The New Guy

All that can be said for “The New Guy” is that it has a sequence in which Eliza Dushku tries on a variety of swimsuits. Aside from that, you’re drowning in a sea of woeful incompetence, my friends.

The title character is Dizzy Gillespie Harrison, played by DJ Qualls, who is freakishly thin and unsettling to look at. (He knows this; he earns movie roles because of it. Good for him.) Dizzy is a teen-age nerd who meets a prisoner (Eddie Griffin) who tells him how to stop being picked on: Get expelled and start over at a different school.

He succeeds at this, and when he shows up at raucous Highland High (their mascot: the Highlanders), he has an all-new, all-bad persona. He’s Gil Harris now, and don’t mess with him. He impresses the school vixen (Eliza Dushku) by punching out her boyfriend and also catches the eye of the school tramp (Sunny Mabrey).

Also, he turns his back on his old nerd friends, but that conflict gets resolved pretty easily, so I’m going to pretend it never happened.

Then Gil’s inner nice guy shines through, and he uses his new-found influence to turn Highland into a beacon of school spirit and pleasantness.

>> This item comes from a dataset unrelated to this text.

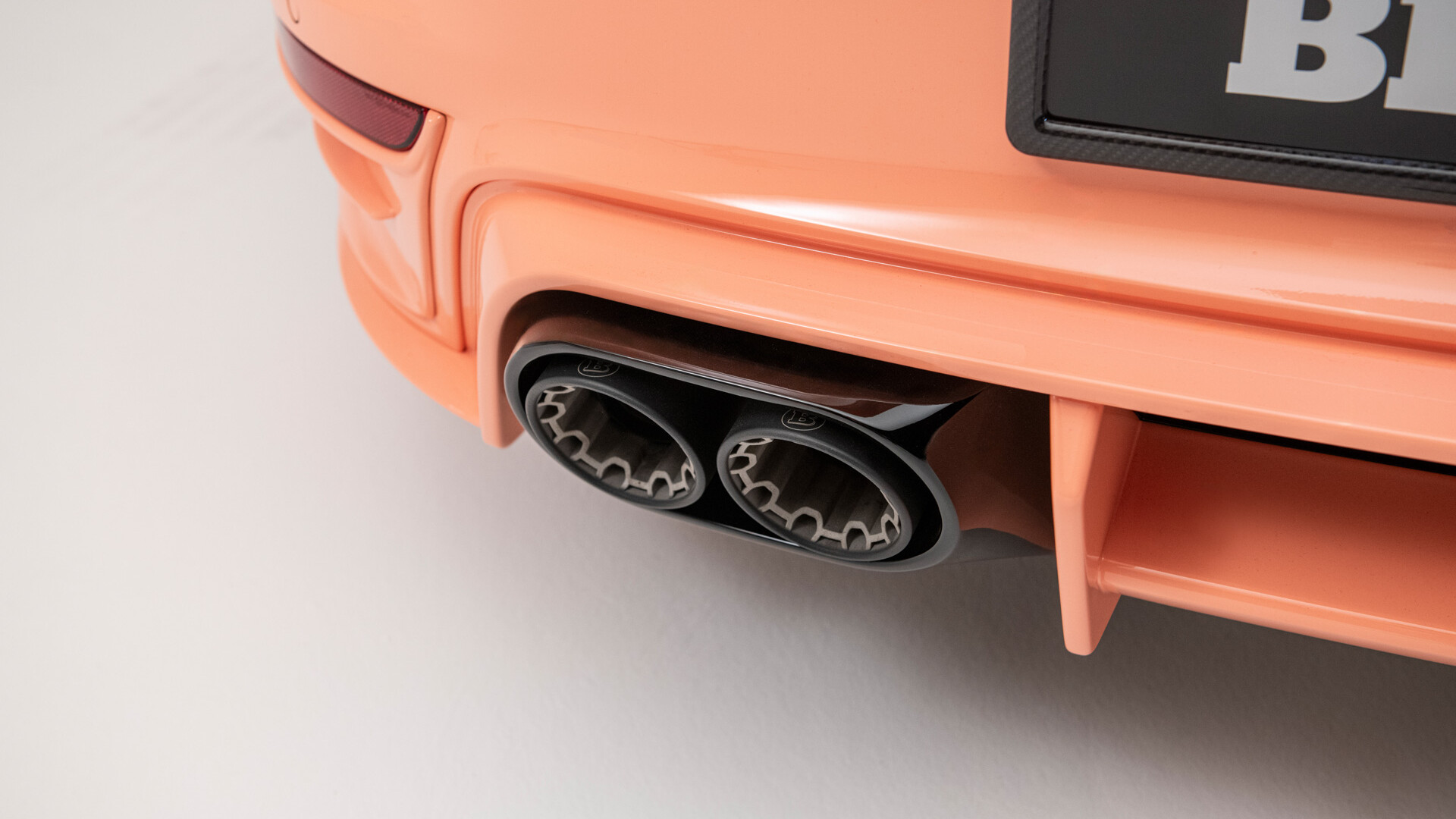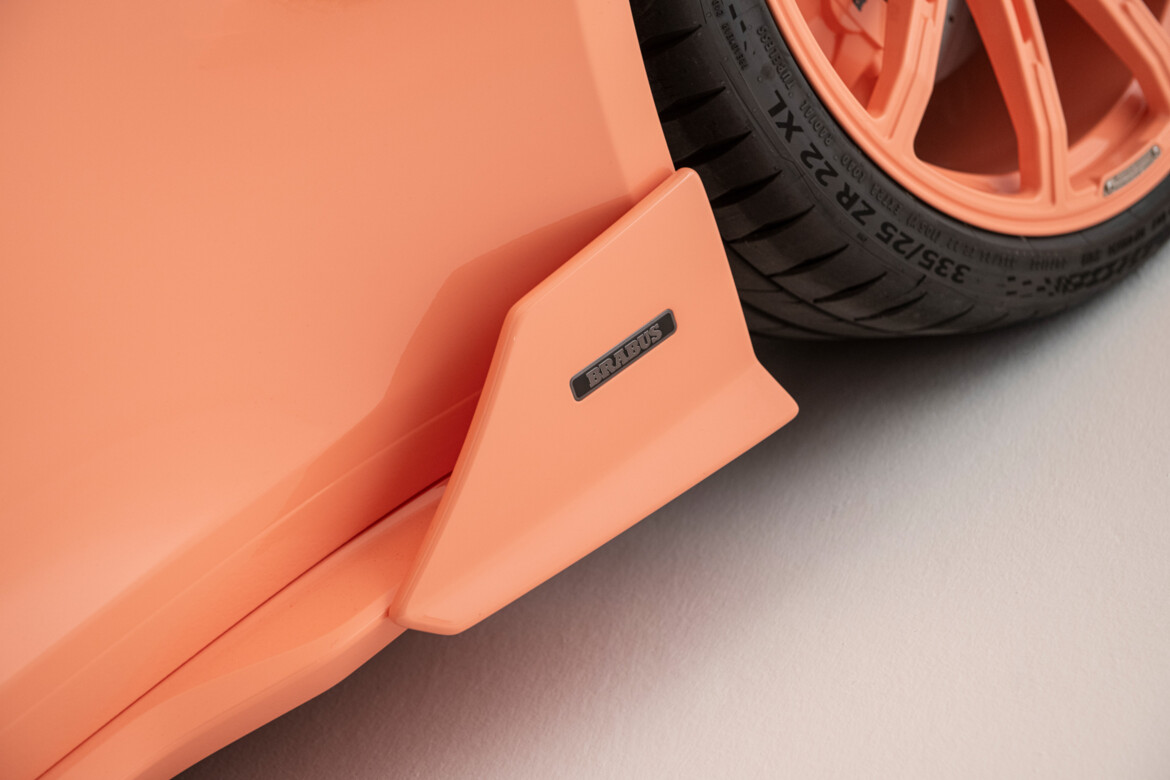 Accentuating the supercar’s undeniably sporty chassis is a selection of BRABUS typical carbon components that emphasize its dynamic appeal. These include the BRABUS front fascia insert and the BRABUS front spoiler with distinctive side flaps on each side. Additional carbon side flaps mounted just in front of the rear wheels perfectly match the design and define the supercar's distinctive shape. Boasting the same “Peetch” finish, each of these components creates an extraordinary, cohesive look that perfectly complements the car’s powerful signature character. At the back, the BRABUS rear wing and the BRABUS diffuser—likewise finished in bodycolor—perfectly round off the design and optimize lift at high speeds while delivering an unmistakable motorsports flair.

Even for one of those stupid teen movies that aren’t very funny, this one isn’t very funny. It is too far removed from reality: Nothing that occurs in the movie would ever happen in real life, and even if it did, people wouldn’t react the way they do here. When Gil’s motorcycle won’t start, his friends tie it to the back of a car, take off, and play a tape of motorcycle noises ‹ thus successfully fooling bystanders into thinking the bike was working on its own power.

It is occasionally loud and offensive, but more often, it simply lulls you into a gentle waking coma. It is an obvious and strange film, full of cameos by people who cannot act (Lyle Lovett, Gene Simmons, Tommy Lee, Tony Hawk, etc.), thus giving the impression of being an especially bad community theater production.